---------- DATA EXTRACT ----------

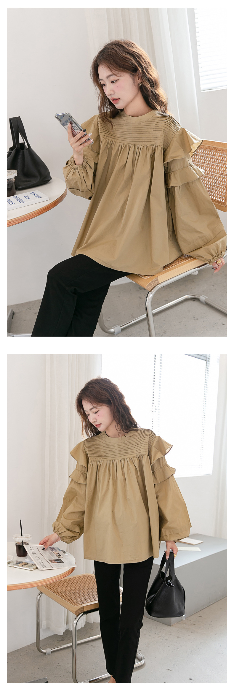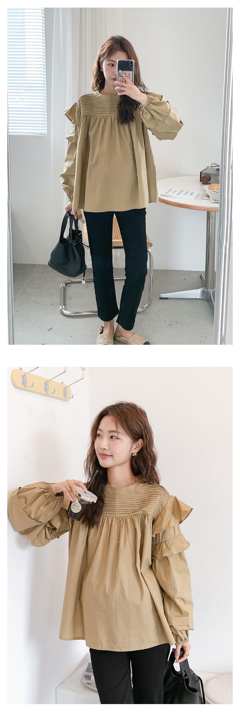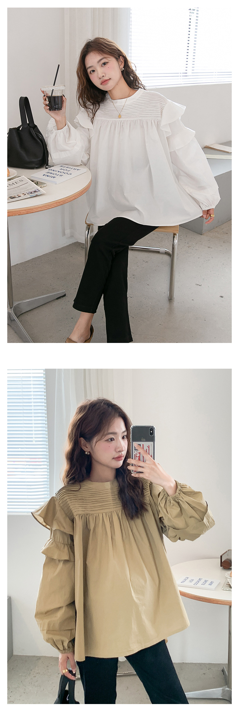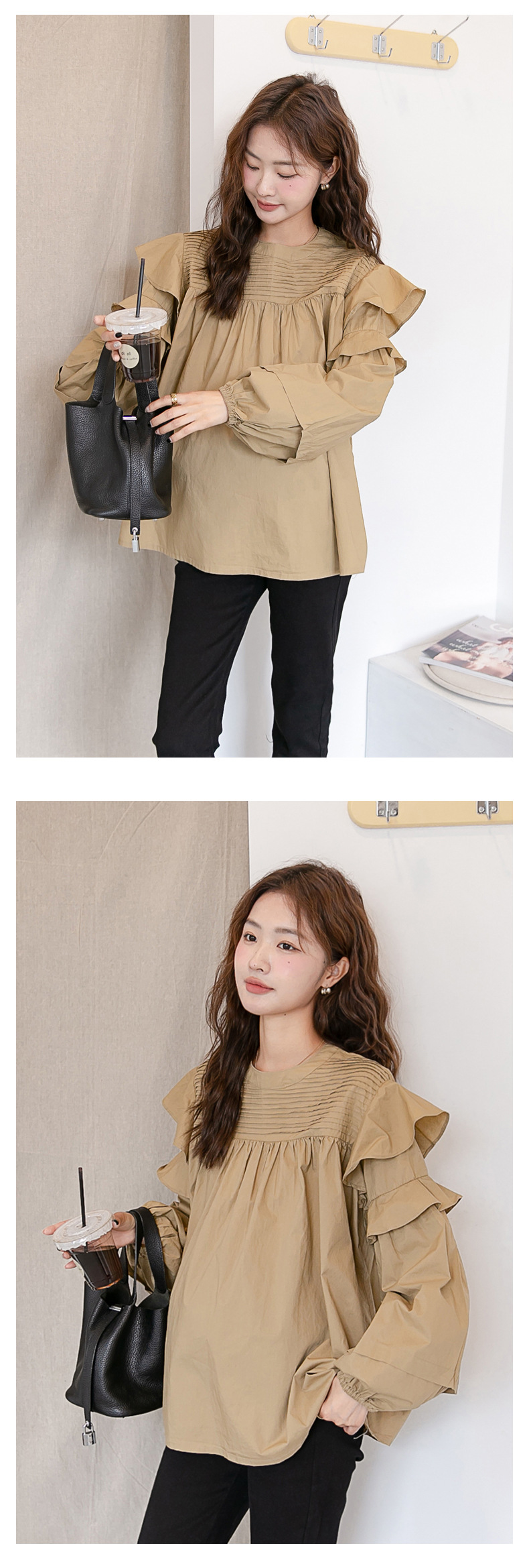 Платье для беременных весна и осень одежда костюм 2023 Новая мода кукольная рубашка с длинными рукавами Блузка Ранняя осень
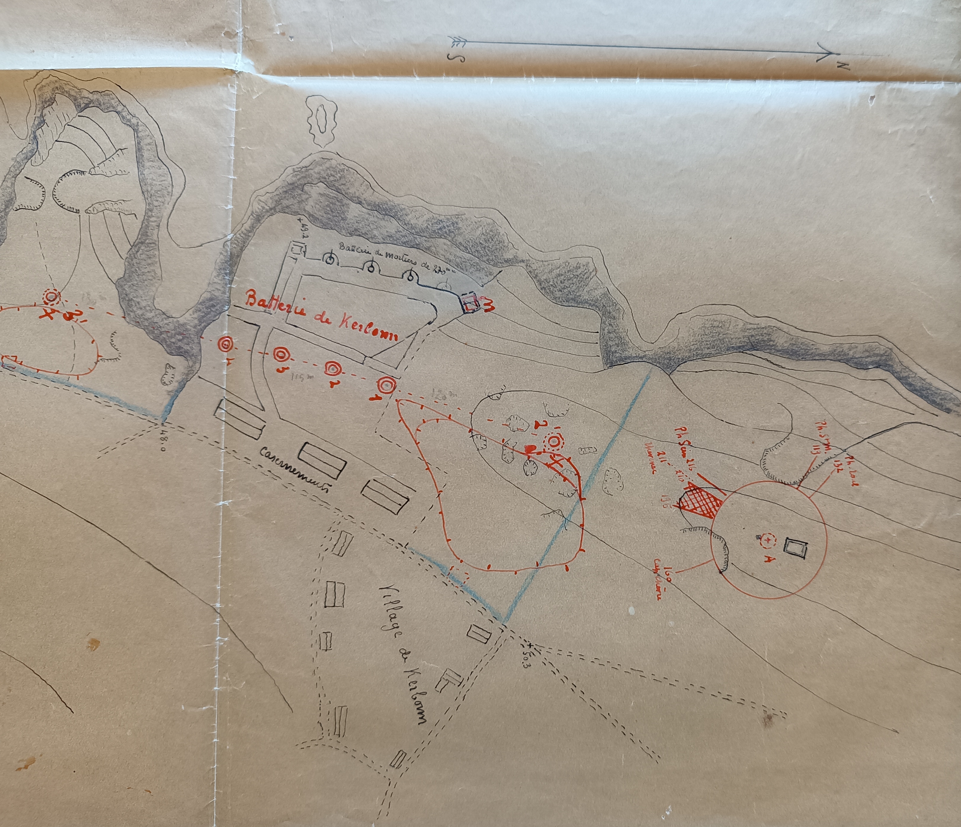 Extrait du plan de la pointe de Pen Hir à Camaret : représentation schématique des emplacements proposés pour la batterie de canon de 164 mm de Kerbonn, 1926. Les emplacements sont figurés par des cercles rougesImmatriculation
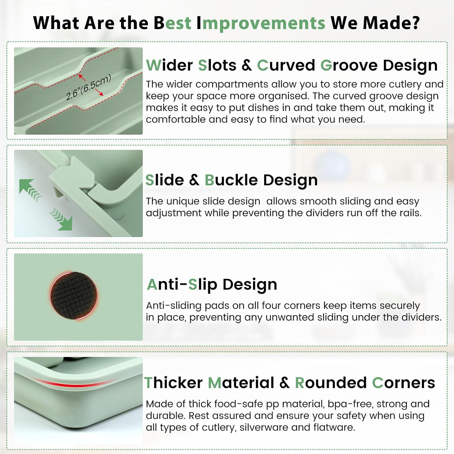 - Non-skid Silicone Feet: 8 strategically placed non-slip feets (not just four corners!) create superior grip on drawer surfaces. No more worrying about the flatware tray moving or tilting when you pull out the drawer.
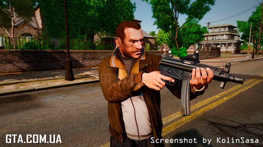 С помощью программы SparkIV или OpenIV, замените в файле "weapons.img" (он находится в "Rockstar Games\Grand Theft Auto IV\pc\models\cdimages"), файлы "w_mp5.wft" и "w_mp5.wtd" на аналогичные из архива.
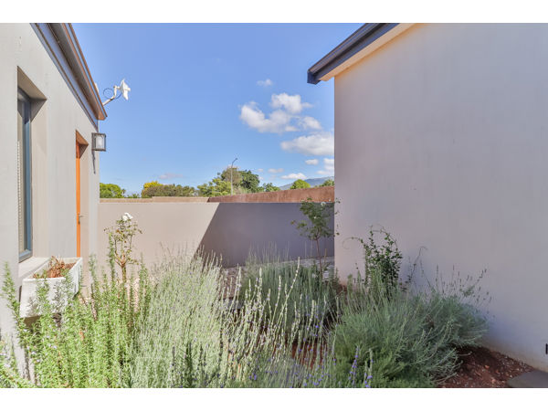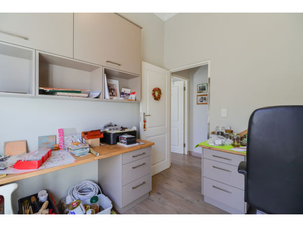 This low maintenance property offers beautiful open plan living areas and double volume ceilings. The kitchen offers ample cupboards space with a separate scullery/laundry room. There are 3 Bedrooms and 2 bathrooms, the full bathroom is en-suite. Adjacent to the kitchen is an enclosed braai room. The double garage has built-in cupboards. Inverter included
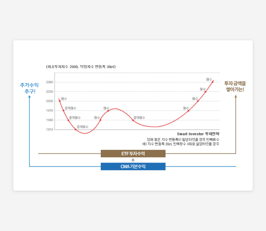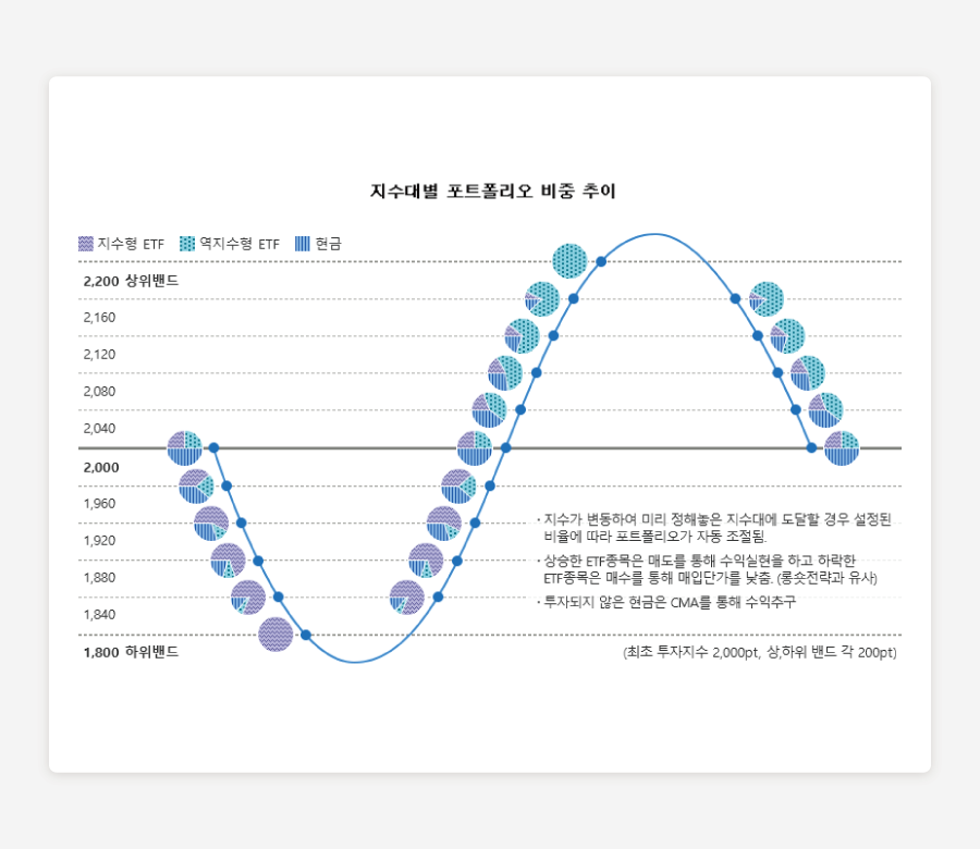 종합주가지수 변동폭을 기준으로 ETF를 자동으로 분할 매수하고, 목표 수익률에 도달하면 자동 매도까지 실행하는 정석적인 자동투자 서비스입니다.
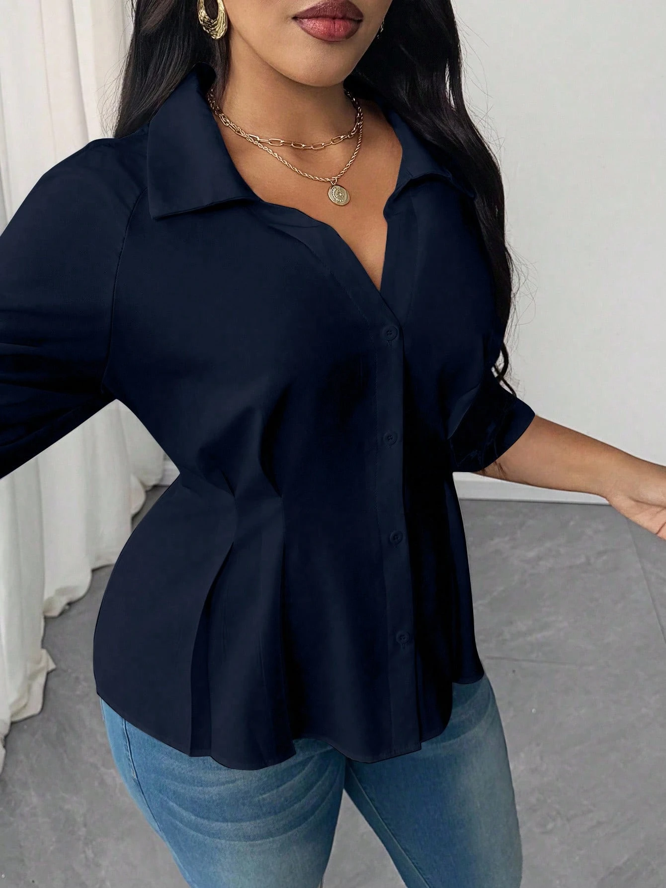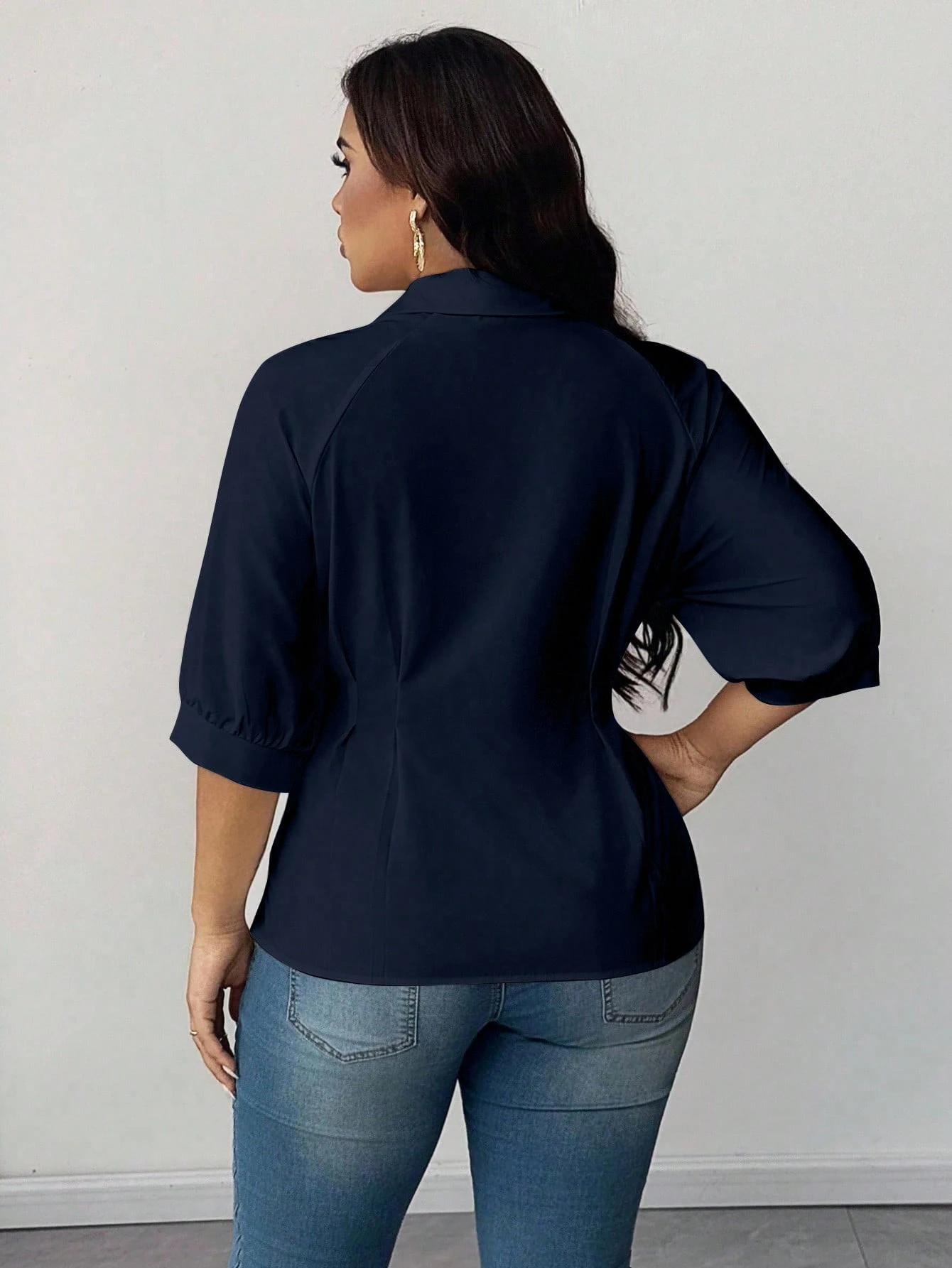 Blusa elegante de talla grande con cuello y cintura fruncida de unicolor

----------

__TASK DIRECTIONS__. Copy out exactly the lines above beginning with the line that contains "Extrait du plan" and finishing with the line that contains "This low maintenance", including both; leave the pictures out.

__FINAL ANSWER__.
 Extrait du plan de la pointe de Pen Hir à Camaret : représentation schématique des emplacements proposés pour la batterie de canon de 164 mm de Kerbonn, 1926. Les emplacements sont figurés par des cercles rougesImmatriculation
 - Non-skid Silicone Feet: 8 strategically placed non-slip feets (not just four corners!) create superior grip on drawer surfaces. No more worrying about the flatware tray moving or tilting when you pull out the drawer.
 С помощью программы SparkIV или OpenIV, замените в файле "weapons.img" (он находится в "Rockstar Games\Grand Theft Auto IV\pc\models\cdimages"), файлы "w_mp5.wft" и "w_mp5.wtd" на аналогичные из архива.
 This low maintenance property offers beautiful open plan living areas and double volume ceilings. The kitchen offers ample cupboards space with a separate scullery/laundry room. There are 3 Bedrooms and 2 bathrooms, the full bathroom is en-suite. Adjacent to the kitchen is an enclosed braai room. The double garage has built-in cupboards. Inverter included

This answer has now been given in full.